A carrier J was obtained in the same manner as in Example 6 except that the treating time required for applying a chemical impact against the magnetic powder was altered from 3 hours to 1 hour and the treating temperature was altered from 70°C to 100°C The resulting carrier J was observed using an SEM and was subjected to Auger electron spectrometry and a measurement of charge quantity in the same manner as in Example 6.
As a result, it was confirmed that a magnetic powder having a octahedron form was embedded in a polyethylene resin which is a coating layer and a surface polyethylene coating layer was formed. It was also confirmed that the thickness of the surface polyethylene coating layer formed on the surface of the magnetic powder was 0.05 μm.

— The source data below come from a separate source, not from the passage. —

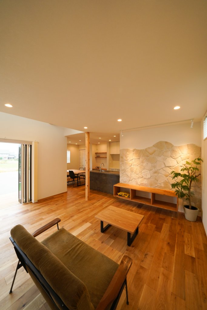 造作のTVボードの背面には本物の石を貼っています。
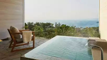Nestled between the mountains and the sea of Shirahama, the hotel offers sweeping views of the Shirahama coast. Spread across the main building and annex, the hotel boasts 74 European-style guest rooms. Ocean view rooms overlook the Pacific Ocean, offering an authentic Japanese experience of soaking in the hot springs and watching the sunset.
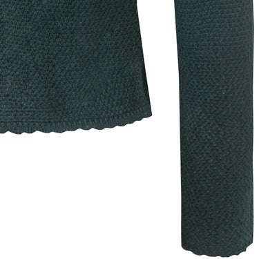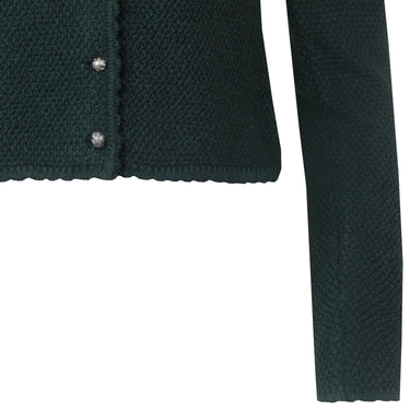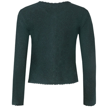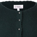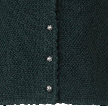 Die Damen Trachten Strickjacke in einem eleganten Tannengrün ist ein zeitloses Kleidungsstück, das Tradition und moderne Eleganz perfekt vereint. Sie ist die ideale Ergänzung zu jedem Trachtenoutfit, ob zur Lederhose, zum Dirndl oder als stilvoller Begleiter im Alltag. Der gerade Schnitt sorgt für eine feminine Silhouette, während der runde Halsausschnitt dem Design eine klassische Note verleiht. Die durchgehende Knopfleiste ist mit liebevoll gestalteten Knöpfen versehen, die mit ihrer filigranen Musterung einen dezenten Blickfang setzen und die Strickjacke noch hochwertiger wirken lassen.
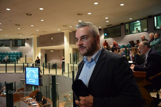 Il sindaco di Fabriano, Gabriele Santarelli, ieri mattina nell’aula del Consiglio regionale per ascoltare il dibattito sul Piano Sanitario 2019-2021
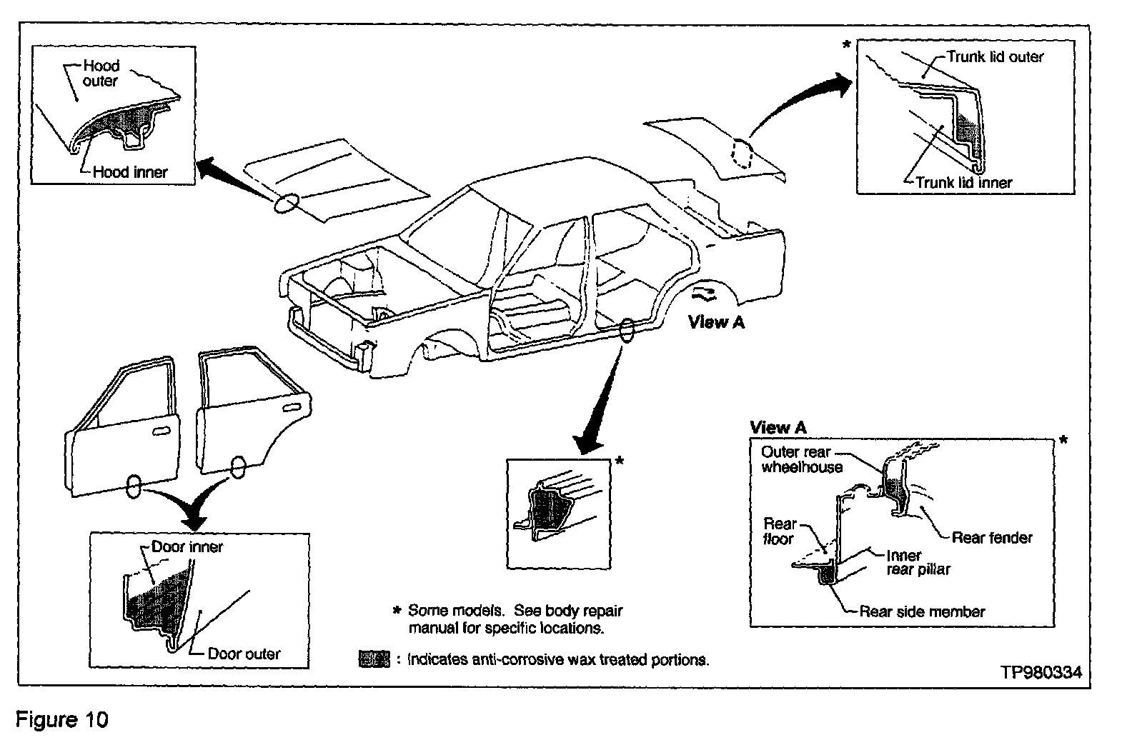 The Factory applies wax to various areas of the vehicle to prevent corrosion/perforation. Below is an example of the different body locations where wax is applied (see Figure 10).
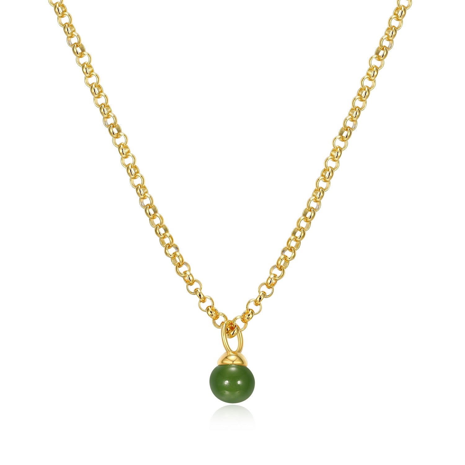 Reign Sterling Silver 18K Gold Plated Green Nephrite Jade Solitaire Bead Necklace
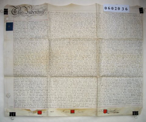 | Parchment : 1 sheet 60cm x 76cm with 3 wax seals, 3 signatures and revenue stamps | |||||||||||
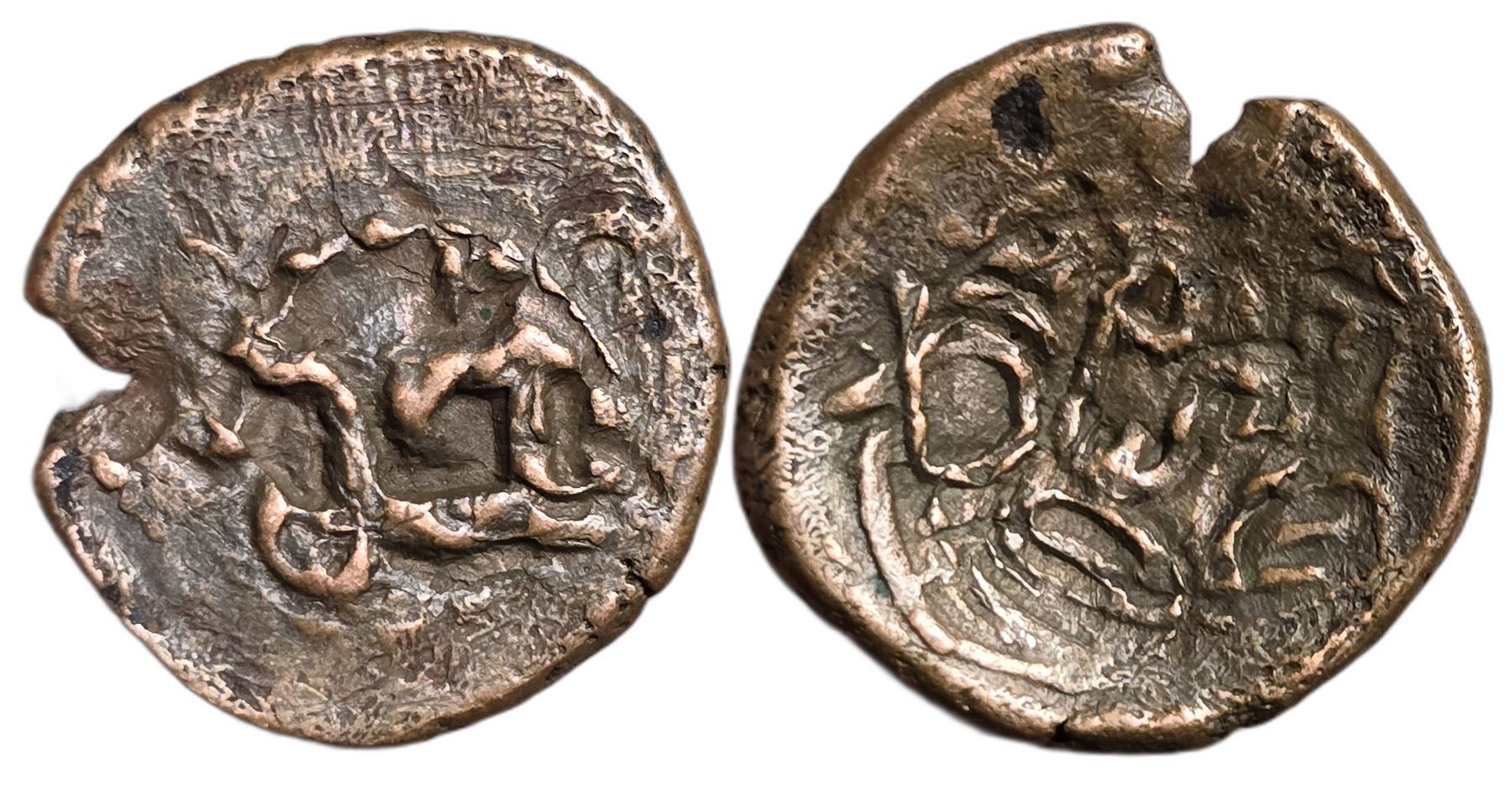 Chokkanatha nayaka – 1662-1682 CE. AE Unit, 1.57g, 14.93 mm. Obv: Seated deity/or an axe (not clear due to multiple strikes). Rev: Telugu/Kannada legend “Sri Chokkaâ€. Near VF, Scarce. Estimate: $ 60-80

The charging characteristics of the carrier J are shown in Table 2.
10 kg of the carrier A2 was placed in a Henshel mixer which was the same mixer that was used in Example 6. Hot water was flowed through a jacket formed around the Henshel mixer to raise the temperature (treating temperature) in the Henshel mixer to 70°C The Henshel mixer was allowed to work to agitate the carrier for 0.5 hours while the temperature was kept at 80°C, thereby applying a mechanical impact to the carrier to smooth the surface of the carrier A2.
Then, 200 g of a magnetic powder Magnetite MG1306 which was used in Example 6 and 120 g of hydrophobic silica R812 (manufactured by Nippon Aerogyl, average diameter of primary particles: 0.02 μm) were mixed and thereafter the Henshel mixer was operated for four hours to apply a mechanical impact, thereby forming a polyethylene resin layer containing a magnetic powder and hydrophobic silica and a surface polyethylene coating layer on the carrier A2. In addition, for the purpose of thoroughly removing magnetic powder and hydrophobic silica which were not fixed and remained in a free condition, though the amounts of these compounds were small, the resulting product was treated in a screening process and a classifying process in the same manner as in Example 6 to obtain a carrier K.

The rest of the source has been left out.